Heres a small selection of the fish caught&#8230;now there was over 500 pics taken on the trip and got a little confused so I'll see how it goes&#8230;.

































































































and heaps more...
After packing up and not being able to leave due to best 3 days ever and tempting ourselves to stay longer, but with the ice melted and supplies low it was not to be.

We then took the big drive up to Burril Lake to meet up with a friend for a couple days..

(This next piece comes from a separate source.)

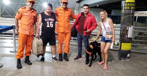 Subtenente J. Maria e o cão Uno e o soldado Gomes com a cadela Anny embarcaram para Minas Gerais na última sexta-feira (2).
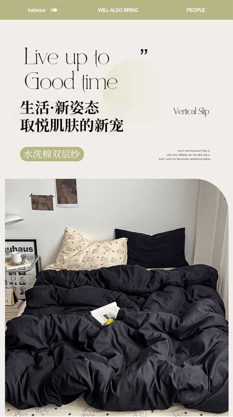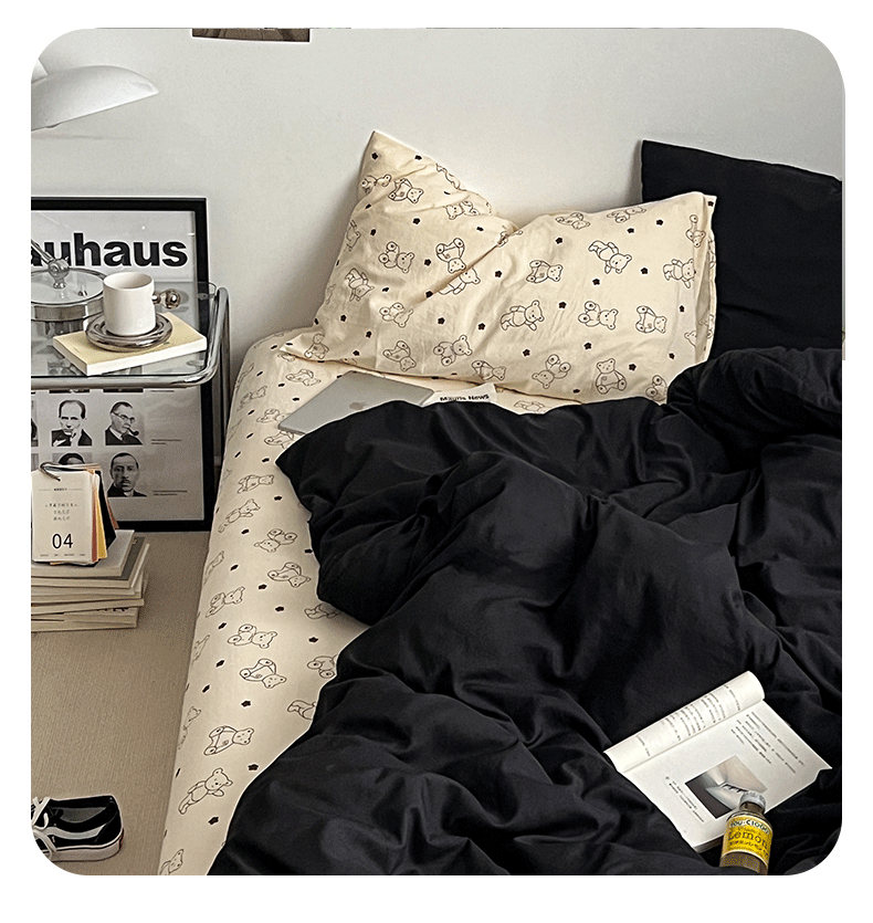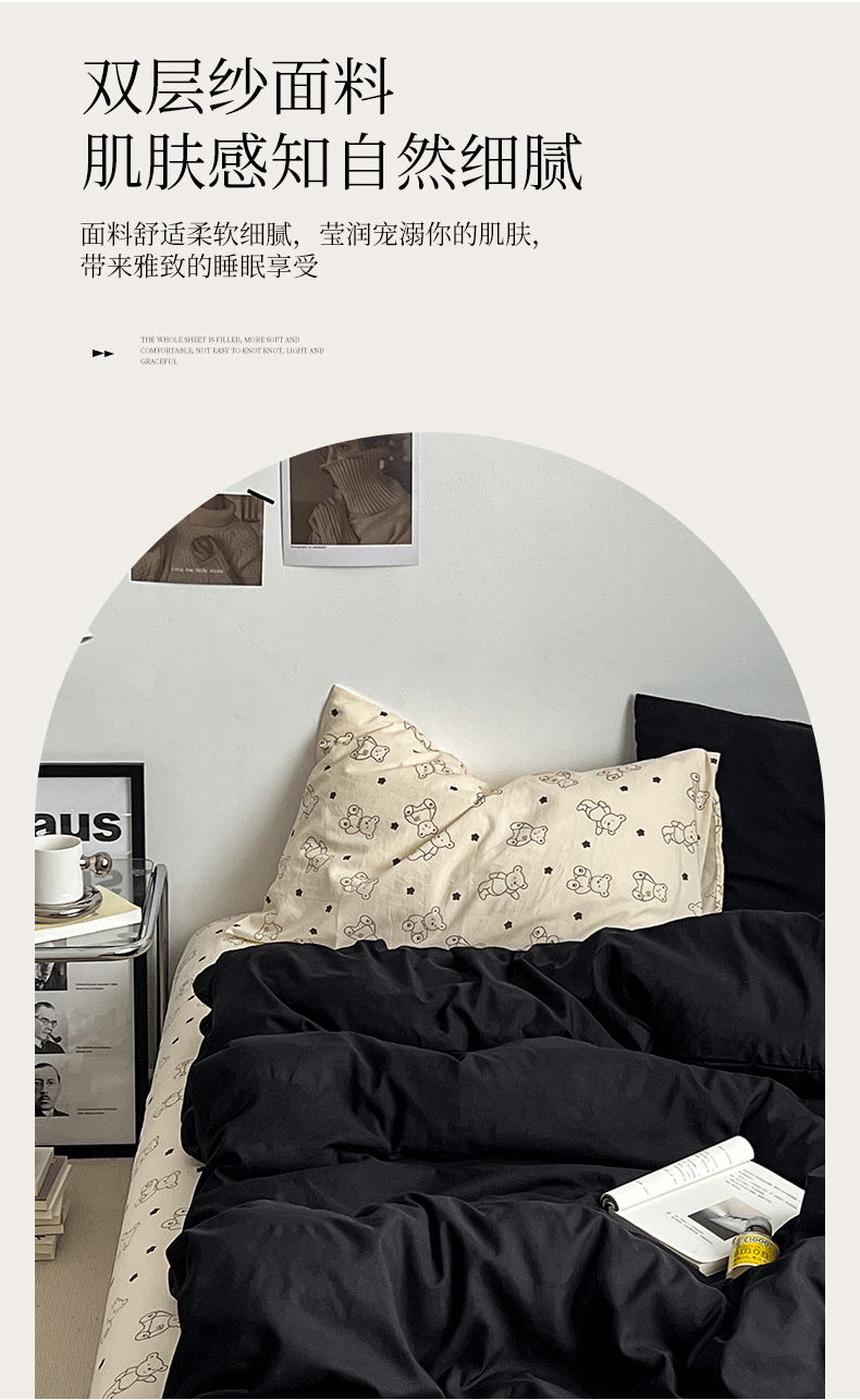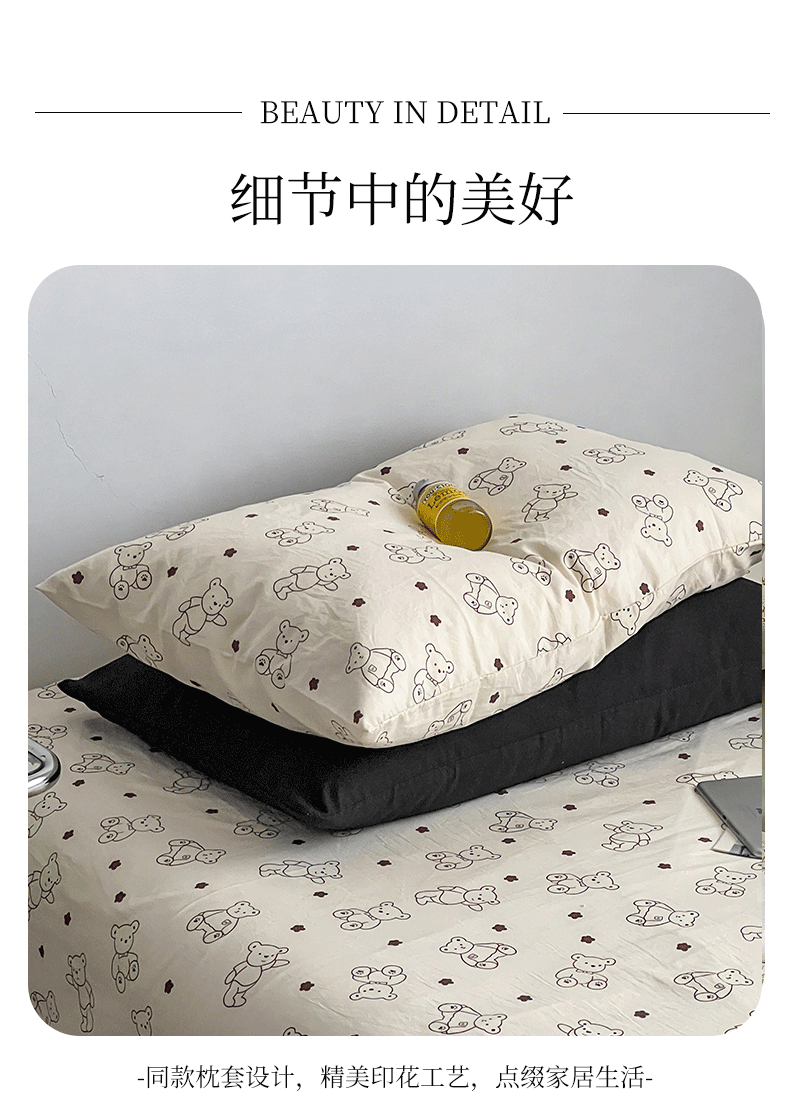 当前位置: 91家纺网 > 商品网购 > 床品套件 > 四件套 > 水洗棉四件套 > 直播热款A类水洗棉双层纱四件套纯色小碎花被套床笠三件套闪耀黑+小熊院长

One night we ordered some take away Thai from Ulladulla as theres not too much in Burrrlll lake &#8230;my mate wants to make his own order and asked about masumun chicken and roti bread and was told&#8230;.this is not an Indian restaurant, sorry this is thai food, he just stood there and didn't know what to say, he thought it was Thai food but apparently not&#8230;. So the furthest we got in the trip was Ulladulla to get Thai food we think&#8230;much more to come&#8230;


----------



## Cid (Nov 14, 2005)

Great report, Neil, sounds like a blast. Some nice fish shots in there, too.

cheers,
Cid


----------



## Oddrod (Sep 27, 2009)

That's a brilliant adventure Neil, I'd have a grin a mortician couldn't shift if I'd caught that many fish. Looking forward to more pics.


----------



## madfishman (Dec 10, 2007)

Part 3-final chapter&#8230;..

We left our mates place and headed for Merimbula we had booked a "reef" charter after speaking to the guy on the phone about catching snapper, morwong and nanigi's. This was our first planned event so we had to organize accom, Greg at Capri Apartments in Merimbula and it was awesome we ended up with a 2br self cont unit for the 3 days, somewhere to stash the trailer and do our own cooking, we were 5 mins walk from main street and the bottlo. 









Cruised around and found another charter the next day for Kingies at $200 a pop we thought it could be worth it so we booked for the day after the "reef" charter..
Alarms set we headed down to the marina to jump on the "reef" charter and there was about 10 people altogether, pretty excited we started heading out with the skipper saying the "reef's" had been quite the last few days we are chasing flatties&#8230;[email protected] hell , flatties, I can get them anytime&#8230;

























we'd blown $100 each and 6hrs fishing for friggin flatties ( at commercial rates we would have to catch 5kgs at $40kg to make it worth) and only 1km from the entrance from the bay, I coulda done that in the yak, and some guys were getting bonnies outta the entrance..but anyhow while we were out there approx. 6 people got sea sick and were barfing everywhere and we caught 4-6 small flatties and a chinaman leather jacket&#8230;wohoo

Hit the top lake that afternoon and what a nice place, no wind pleasant with a few stubbies we caught a couple flatties a small pinkie and ravaged by some schoolie tailor&#8230;nice place&#8230;

































Alarms set again for the second time on the trip and it was Kingie time&#8230;or so we thought&#8230;rocked up and this time there was only 9 on the boat&#8230;.started heading out and the deckie starts tying 250gram jigs to the 20lb mono lines on the charter rods&#8230;what&#8230;and then starts on about how it's the wrong time of the year , but theres a few small ones around&#8230;.1.5hrs on the boat to get to the fishing ground, we even passed EDEN to get to the spot&#8230;.get the rod ready and a boat not too far away is pulling fish, one of the other guys drops his jig, jerks it a couple times and he's on&#8230;not for long this thing went like a torpedo and busted him of&#8230;.









Too make a long story short&#8230;they didn't throw out any bait/burley..the deckie went to sleep in the cabin and we lost 5-6 fish..after 4hrs of consistent jigging me and chrisso gave up&#8230;3 people on the boat were spewing and jigging at the same time and 1 guy landed a rat at 59cm..
We did how ever get a monster leathery&#8230;..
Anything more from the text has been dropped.